Lucien looked at him.
"That is not a rare observation today."
"No. But most people will tell you to rest."
"And you will not?"
"I will tell you to trust yourself."
Lucien was silent.
The Grandmaster’s voice remained mild.
"You have made mistakes. You will make more. You are too young not to, and too burdened to avoid all of them. But you have one advantage many old monsters lose."
"What is that?"
"When the world changes, you still change with it."
The northern wind moved between them.
The Grandmaster looked toward the distant sea.
"Trust that. Do not trust certainty too much. Certainty is useful when facing cowards. It is dangerous when facing the ancient."
Lucien absorbed that slowly.
For reasons he did not want to admit, the words eased something inside him.

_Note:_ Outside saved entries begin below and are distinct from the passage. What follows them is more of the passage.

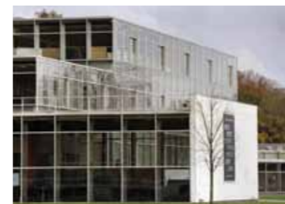
Hogeschool voor de Kunsten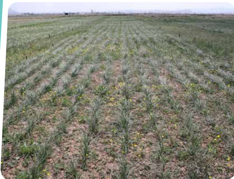
شکل ۸- مزرعه زعفران ( Crocus sativus ) در شرایط دیم، دماوند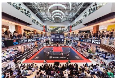
三井ショッピングパーク ららぽーと堺（大阪府堺市）

また、東京ドームなどで開催される大型アーティストライブと連動した公式 POP-UP イベントが行われる「MIYASHITA PARK」、本格的なスポーツ・エンターテインメントイベントが実施可能な屋内型スタジアムコート有する「三井ショッピングパーク ららぽーと堺」「三井ショッピングパーク ららぽーと安城」、スポーツや映画・音楽コンサートなどのパブリックビューイングが開催できるスポーツパーク有する「三井ショッピングパーク ららぽーと福岡」などのスポーツ・エンターテインメントの要素を盛り込んだ街づくりも手掛けています。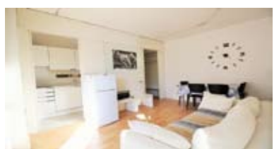
A031: CRISTO RE: OTTIMA SOLUZIONE PER INVESTIMENTO! Adiacente al centro, comodissimo alla stazione, appartamento riammodernato, totalmente arredato e ben esposto, ingresso, soggiorno con angolo cucina, stanza matrimoniale, bagno e terrazza da 50 mq., Cl. En. D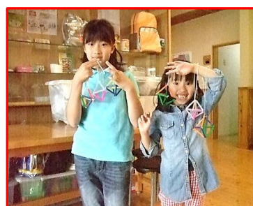
【かんたんにできましたよ】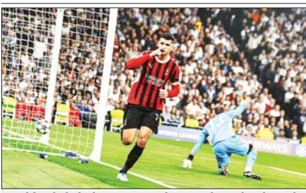
အေစီစီလန်တိုက်စစ်ကစားသမား ဖိုရာတာ ရိုးရဲမက်ဒရစ်အသင်းဘက်သို့ ပိုးသွင်းယူပြီးနောက် အောင်ပွဲခံစဉ်။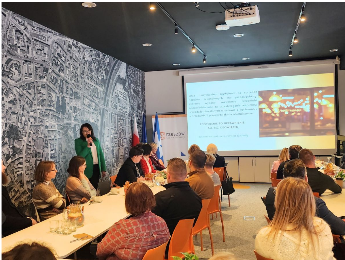
zdjęcie ze szkolenia z przedsiębiorcami na terenie miasta Rzeszowa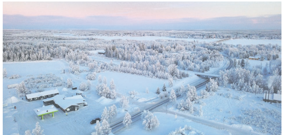
Osa alueen tonteista sijoittuu Siltatien pohjoispuolelle Tervakuksan läheisyyteen.

nykyisiä toimijoita kuin uusien yritysten sijoittumista kunnan omistamille, valmiiksi kaavoitetuille tonteille,” Mattinen summaa.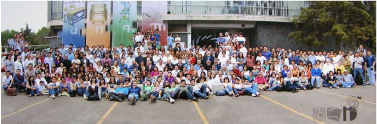
Aniversario de el CIDI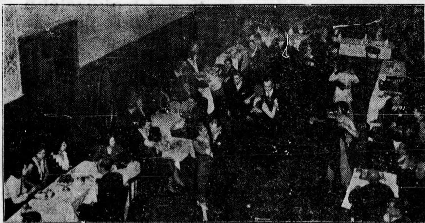
Felvétel az Ujságíró Club vasárnapi táncos teadélutánjáról.

olasz szerzőket egyaránt, akinek — túlzás nélkül mondhatjuk — ma az egész világ zenei közönsége a lábai előtt fekszik. A debreceni közönség előtt sem ismeretlen a neve, hiszen van-e valaki, aki nem hallotta volna a rádió gramofonhangversenyein az ő csodálatos éneket, a szebbnél szebb lemezeket, amelyek hirdetik, hogy ismét megszületett a koloratúraének fejedelme... Nagy áldozatába került a Zenekedvelők Körenek, hogy Guglielmetti, aki világtűrnéja során e hó 20-án énekel Budapesten, Debrecen részére leküsse s ez annál nehezebb volt, mert a világhíri művésznő Budapestről egyenesen Konstantinápolyba utazik, onnan ismét Párisba és e két elég távoli pont között énekel január 29-én Prágában, 31-én pedig Debrecenben. A Zenekedvelők Köre azonban szívesen meghozta ezt az áldozatot, mert különös nagy sulyt helyez arra,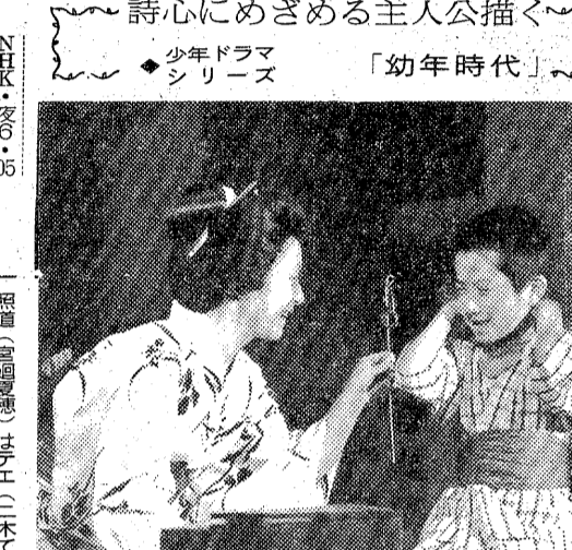
幼年期の成長を、大回連続 で描く。今週、来週は、母の 死の瞬間を描く。

ひまわりの詩 福島中央・夜9:00 福島(二浦友和)の父親職で 延びのびに育った雪花赤坂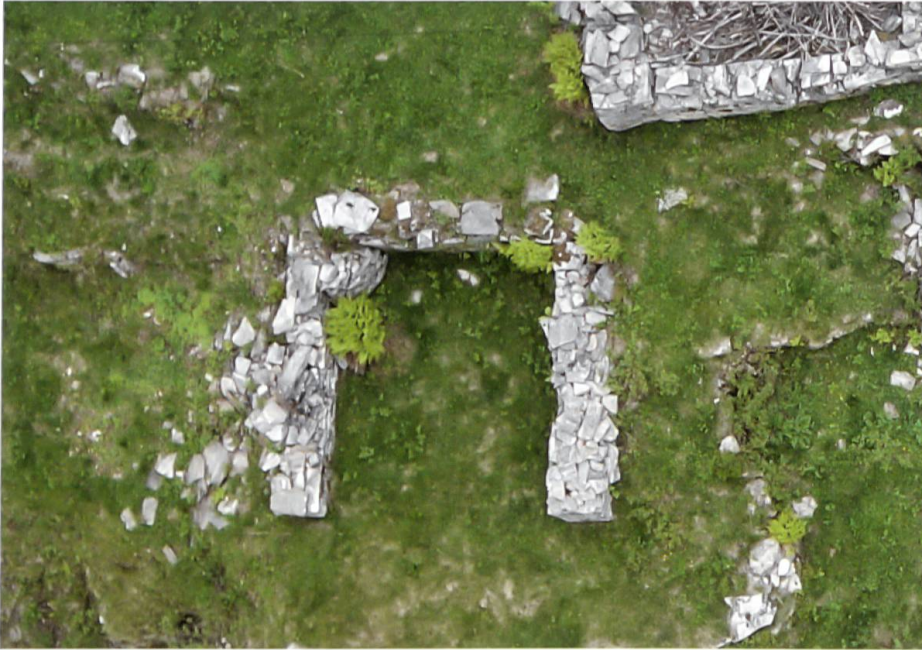
Scatta, Luftbild, Grundriss eines dreiseitig aufgemauerten Ökonomiegebäudes

Mauern aller Wirtschaftsbauten wurden ohne Mörtel, trocken aufgeführt. Die Mauerstärke differiert zwischen 0,50 m und 0,85 m. Aus der Konstruktion der beiden noch erhaltenen Stallscheunen kann geschlossen werden, dass auch der nicht mehr vorhandene Strickbau aus locker geschichteten Rundhölzern bestand. Diese Bauten dürften neben ihrer Funktion als Stallscheune auch als torba , Speicher, gedient haben. Bei den kleineren Grundrissen sowie bei drei an Wohnbauten angefügten Nebenbauten darf auch eine Verwendung als Vorratsraum, Kleinvieh- oder Schweinestall angenommen werden.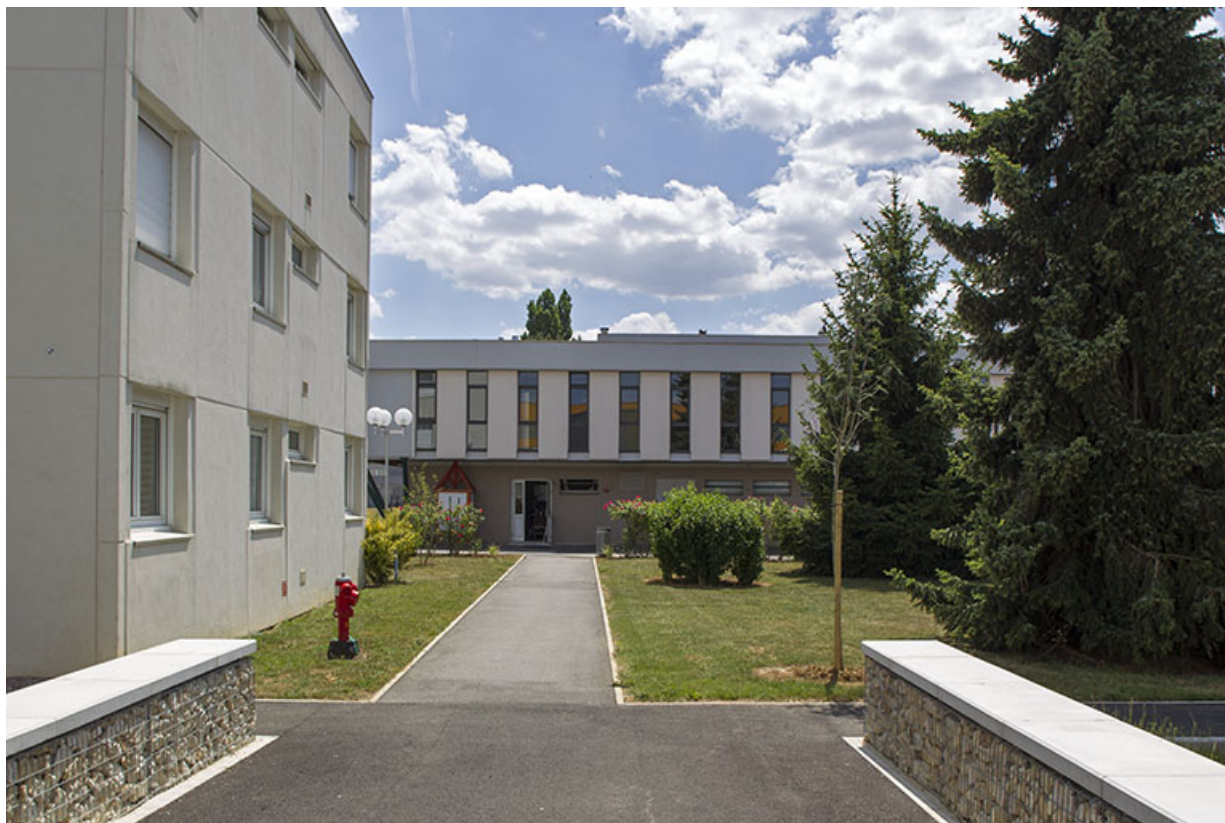
Détail de la façade nord de la cantine, vue depuis le long du pignon ouest des logements.

70, Vesoul place Jacques Brel, lieudit : les rêpes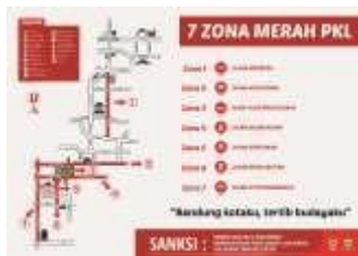
Gambar 2. Lokasi tujuh zona merah

Pedagang Kaki Lima merupakan suatu usaha kecil sektor informal yang keberadaannya dapat menyerap tenaga kerja terutama tenaga kerja dengan pendidikan rendah. Pedagang Kaki Lima mampu menyediakan dan menjajakan barang-barang nya dengan murah dan terjangkau.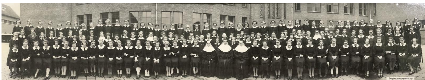
Groepsfoto Mater Dei

We maakten in 2023 een aantal particuliere archieven toegankelijk. Hieronder twee archieven van schoenfabrieken (Wellen & Co en Swift & Robinson) die een beeld geven van het industriële verleden van Nijmegen. Daarnaast voerden we een verandering in ons beleid ten aanzien van het aannemen van nieuw particulier archief door. Sinds begin 2023 is er een maandelijks spreekuur verwerving in het RAN. Op deze manier wordt het aanbod veel meer dan voorheen geclusterd: voor de klant duidelijker en voor het RAN een efficiëntere werkwijze. Het spreekuur levert mooie aanwinsten op. Zo kregen we bijvoorbeeld een ingelijste en haarscherpe 'panorama' groepsfoto van leerlingen en Ursulinen van Mater Dei uit circa 1944 in eigendom. Verder dook er onder andere een notulenboek met inliggende stukken van de Nijmeegsche Bioscopen Vereniging op (1945-1976).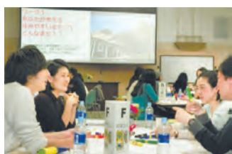
▲過去の懇談会の様子

策定にあたり、若い皆さんの意見をお聞きするため、グループ形式による区民懇談会を開催します。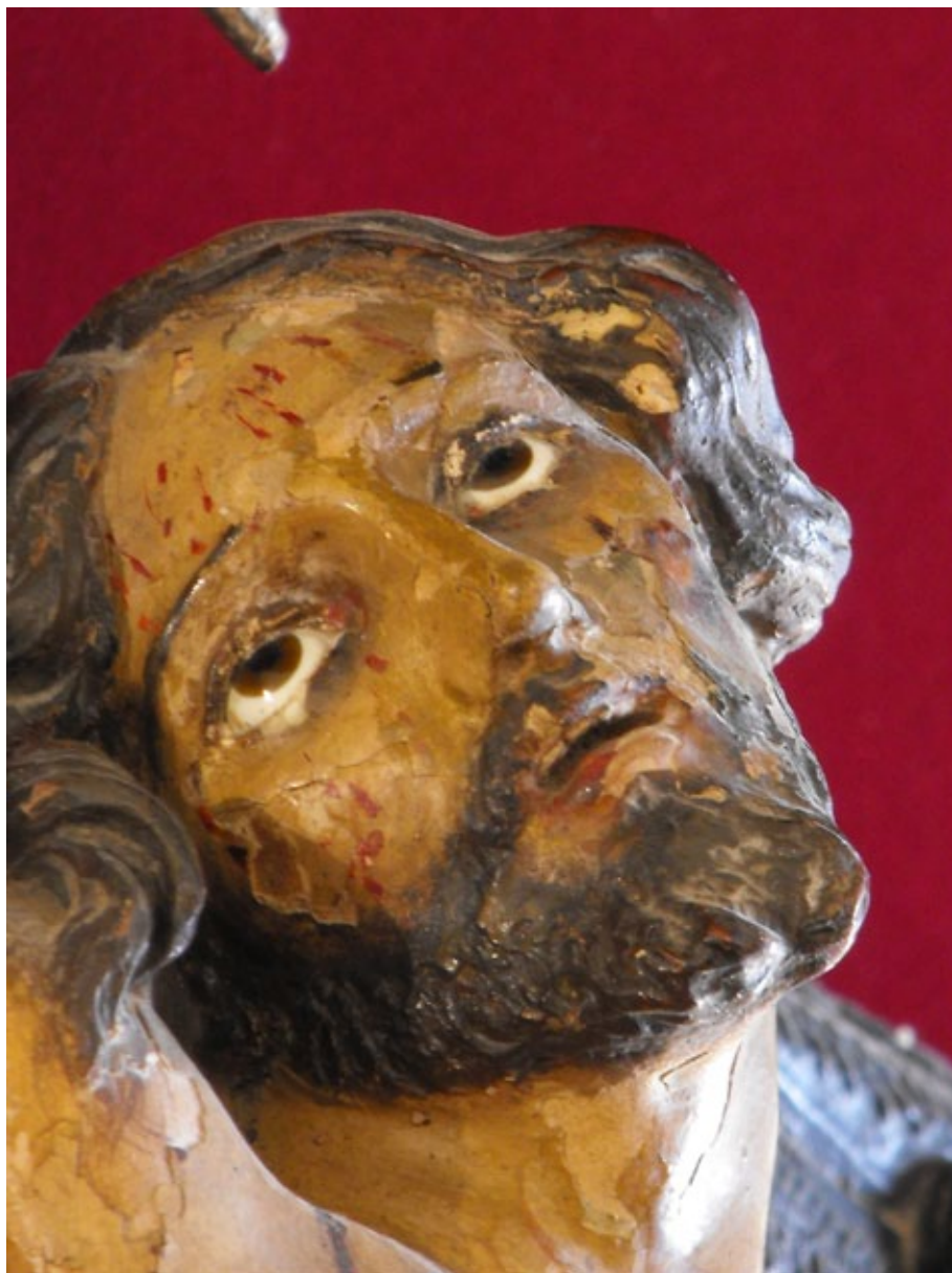
Fig. 5. Detalle del rostro del Crucificado atribuido a José de Arce. Ermita de las Angustias de Jerez de la Frontera.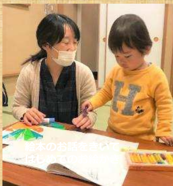
絵本のお話をきいてはしめるの

Not because they promised victory.
They did not.
Because someone who understood old disasters had looked at him and not told him he was doomed.
Lucien nodded.
"I will remember."
The Grandmaster smiled.
"Good. I dislike repeating wisdom. It becomes quotation after the second time."
Arctyx finally spoke.
"It already sounded like a quotation."
The Grandmaster sighed.
"My last survivor has become rude."
Lucien looked between them.
For the first time since the basin, he almost smiled without forcing it.